YOUR GOAL: The lines below, from the one containing "Camisa gris de" through the one containing "Avec sa belle", should be set down exactly, with no pictures and nothing else.

SUPPLIED MATERIAL:
::::::::

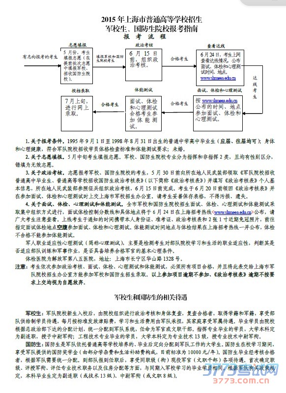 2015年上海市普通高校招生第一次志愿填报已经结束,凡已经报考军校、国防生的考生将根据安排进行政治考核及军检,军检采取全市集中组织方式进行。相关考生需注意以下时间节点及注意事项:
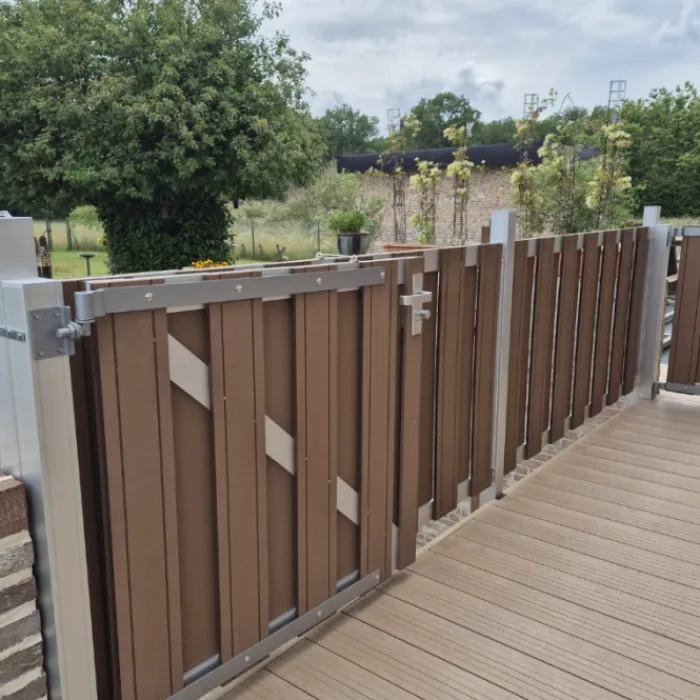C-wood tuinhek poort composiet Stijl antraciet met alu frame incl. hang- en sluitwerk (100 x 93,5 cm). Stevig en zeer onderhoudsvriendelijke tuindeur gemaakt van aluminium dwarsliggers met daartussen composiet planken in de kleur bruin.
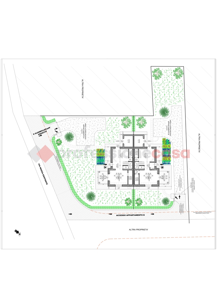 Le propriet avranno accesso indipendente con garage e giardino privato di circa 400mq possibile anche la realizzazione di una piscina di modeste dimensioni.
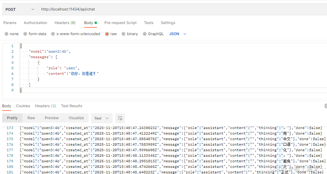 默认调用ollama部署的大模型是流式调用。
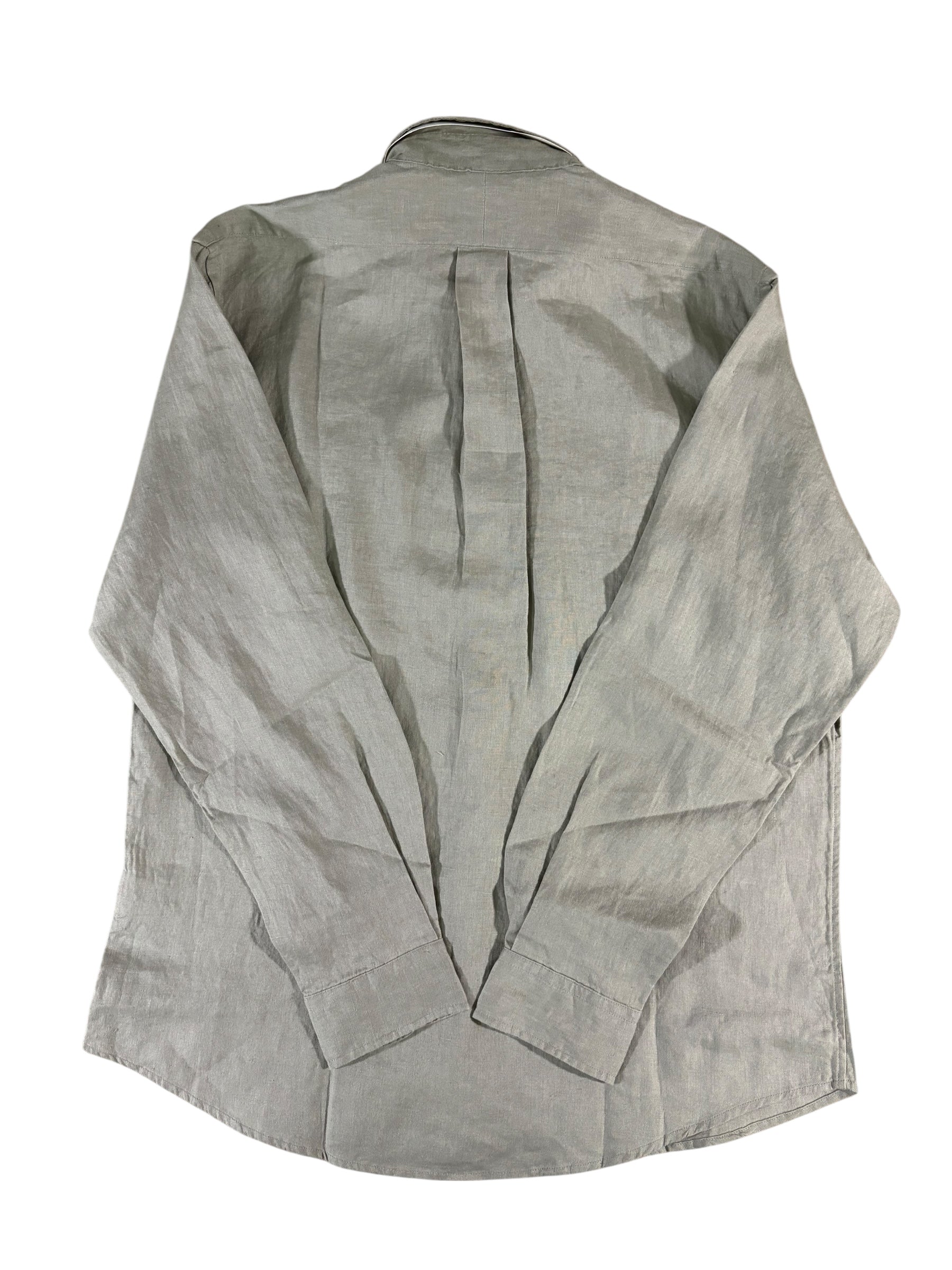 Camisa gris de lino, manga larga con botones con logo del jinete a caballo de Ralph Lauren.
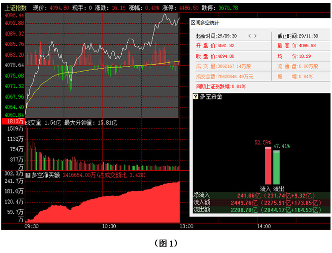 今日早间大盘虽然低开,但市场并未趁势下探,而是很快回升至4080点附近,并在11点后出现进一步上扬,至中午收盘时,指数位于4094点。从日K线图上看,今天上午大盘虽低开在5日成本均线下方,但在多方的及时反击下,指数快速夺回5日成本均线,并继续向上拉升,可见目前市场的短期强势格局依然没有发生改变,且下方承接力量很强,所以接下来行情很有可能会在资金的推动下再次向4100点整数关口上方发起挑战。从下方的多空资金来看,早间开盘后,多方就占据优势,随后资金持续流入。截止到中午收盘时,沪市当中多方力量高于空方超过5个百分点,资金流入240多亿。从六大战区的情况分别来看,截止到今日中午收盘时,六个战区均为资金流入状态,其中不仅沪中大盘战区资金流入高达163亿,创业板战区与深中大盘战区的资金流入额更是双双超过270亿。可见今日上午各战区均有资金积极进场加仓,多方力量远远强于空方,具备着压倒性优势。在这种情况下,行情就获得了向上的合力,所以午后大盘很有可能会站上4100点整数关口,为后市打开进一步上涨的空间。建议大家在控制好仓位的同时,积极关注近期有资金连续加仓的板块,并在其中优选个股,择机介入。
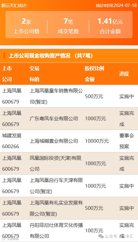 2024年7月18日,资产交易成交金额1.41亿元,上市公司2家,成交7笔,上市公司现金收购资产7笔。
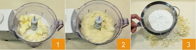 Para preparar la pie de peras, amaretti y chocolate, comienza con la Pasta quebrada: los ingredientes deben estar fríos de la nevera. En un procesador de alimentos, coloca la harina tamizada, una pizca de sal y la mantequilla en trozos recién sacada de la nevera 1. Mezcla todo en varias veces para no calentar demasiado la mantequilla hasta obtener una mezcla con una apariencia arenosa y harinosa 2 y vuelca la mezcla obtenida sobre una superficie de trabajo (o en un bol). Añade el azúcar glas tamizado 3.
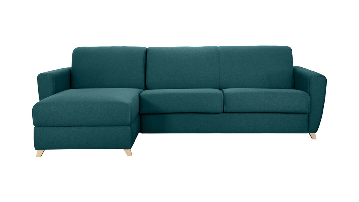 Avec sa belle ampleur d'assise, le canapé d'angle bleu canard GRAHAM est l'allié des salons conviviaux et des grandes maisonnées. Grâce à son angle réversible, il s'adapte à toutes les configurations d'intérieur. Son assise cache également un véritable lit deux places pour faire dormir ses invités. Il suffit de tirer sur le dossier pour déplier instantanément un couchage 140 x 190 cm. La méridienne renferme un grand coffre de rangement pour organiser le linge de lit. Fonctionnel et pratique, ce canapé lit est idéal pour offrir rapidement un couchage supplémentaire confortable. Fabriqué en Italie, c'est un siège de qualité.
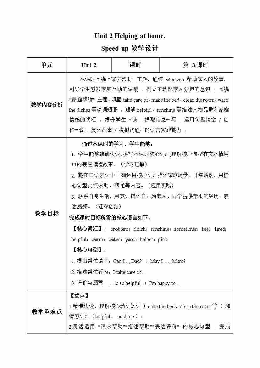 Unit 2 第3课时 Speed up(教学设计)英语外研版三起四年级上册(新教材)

::::::::

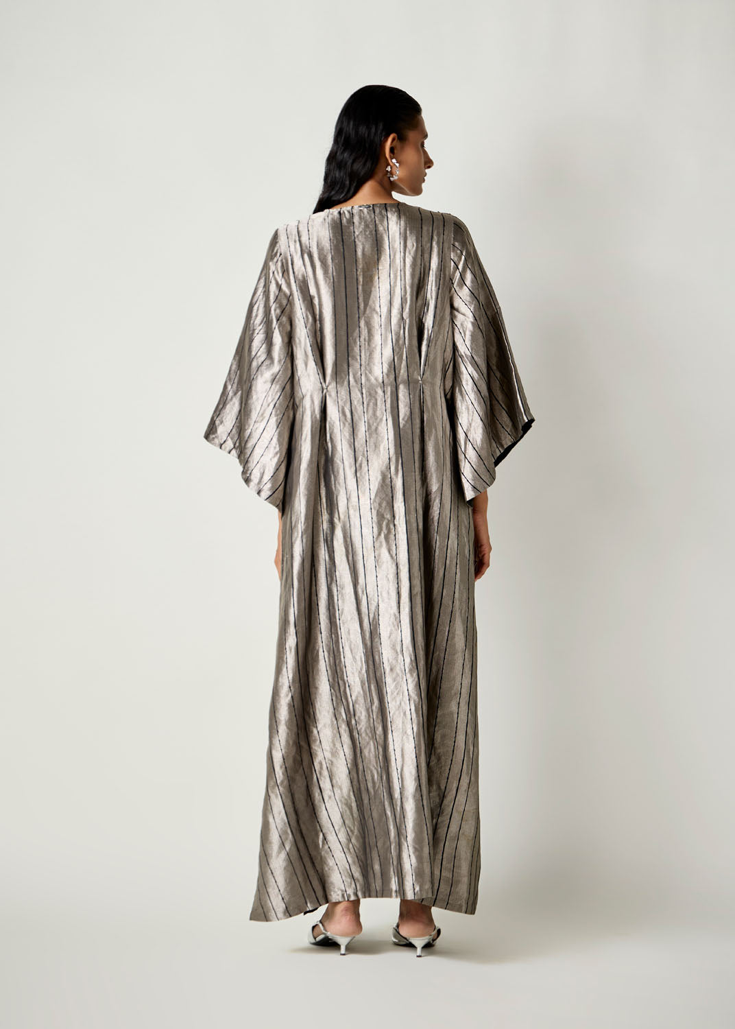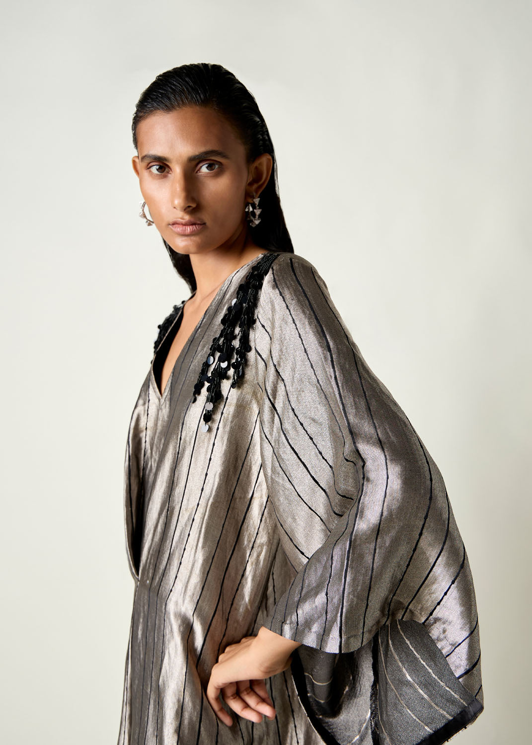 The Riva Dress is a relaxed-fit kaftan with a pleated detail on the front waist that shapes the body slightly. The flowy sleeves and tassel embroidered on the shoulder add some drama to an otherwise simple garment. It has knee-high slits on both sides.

::::::::

EXERCISE RESULT:
 Camisa gris de lino, manga larga con botones con logo del jinete a caballo de Ralph Lauren.
 今日早间大盘虽然低开,但市场并未趁势下探,而是很快回升至4080点附近,并在11点后出现进一步上扬,至中午收盘时,指数位于4094点。从日K线图上看,今天上午大盘虽低开在5日成本均线下方,但在多方的及时反击下,指数快速夺回5日成本均线,并继续向上拉升,可见目前市场的短期强势格局依然没有发生改变,且下方承接力量很强,所以接下来行情很有可能会在资金的推动下再次向4100点整数关口上方发起挑战。从下方的多空资金来看,早间开盘后,多方就占据优势,随后资金持续流入。截止到中午收盘时,沪市当中多方力量高于空方超过5个百分点,资金流入240多亿。从六大战区的情况分别来看,截止到今日中午收盘时,六个战区均为资金流入状态,其中不仅沪中大盘战区资金流入高达163亿,创业板战区与深中大盘战区的资金流入额更是双双超过270亿。可见今日上午各战区均有资金积极进场加仓,多方力量远远强于空方,具备着压倒性优势。在这种情况下,行情就获得了向上的合力,所以午后大盘很有可能会站上4100点整数关口,为后市打开进一步上涨的空间。建议大家在控制好仓位的同时,积极关注近期有资金连续加仓的板块,并在其中优选个股,择机介入。
 2024年7月18日,资产交易成交金额1.41亿元,上市公司2家,成交7笔,上市公司现金收购资产7笔。
 Para preparar la pie de peras, amaretti y chocolate, comienza con la Pasta quebrada: los ingredientes deben estar fríos de la nevera. En un procesador de alimentos, coloca la harina tamizada, una pizca de sal y la mantequilla en trozos recién sacada de la nevera 1. Mezcla todo en varias veces para no calentar demasiado la mantequilla hasta obtener una mezcla con una apariencia arenosa y harinosa 2 y vuelca la mezcla obtenida sobre una superficie de trabajo (o en un bol). Añade el azúcar glas tamizado 3.
 Avec sa belle ampleur d'assise, le canapé d'angle bleu canard GRAHAM est l'allié des salons conviviaux et des grandes maisonnées. Grâce à son angle réversible, il s'adapte à toutes les configurations d'intérieur. Son assise cache également un véritable lit deux places pour faire dormir ses invités. Il suffit de tirer sur le dossier pour déplier instantanément un couchage 140 x 190 cm. La méridienne renferme un grand coffre de rangement pour organiser le linge de lit. Fonctionnel et pratique, ce canapé lit est idéal pour offrir rapidement un couchage supplémentaire confortable. Fabriqué en Italie, c'est un siège de qualité.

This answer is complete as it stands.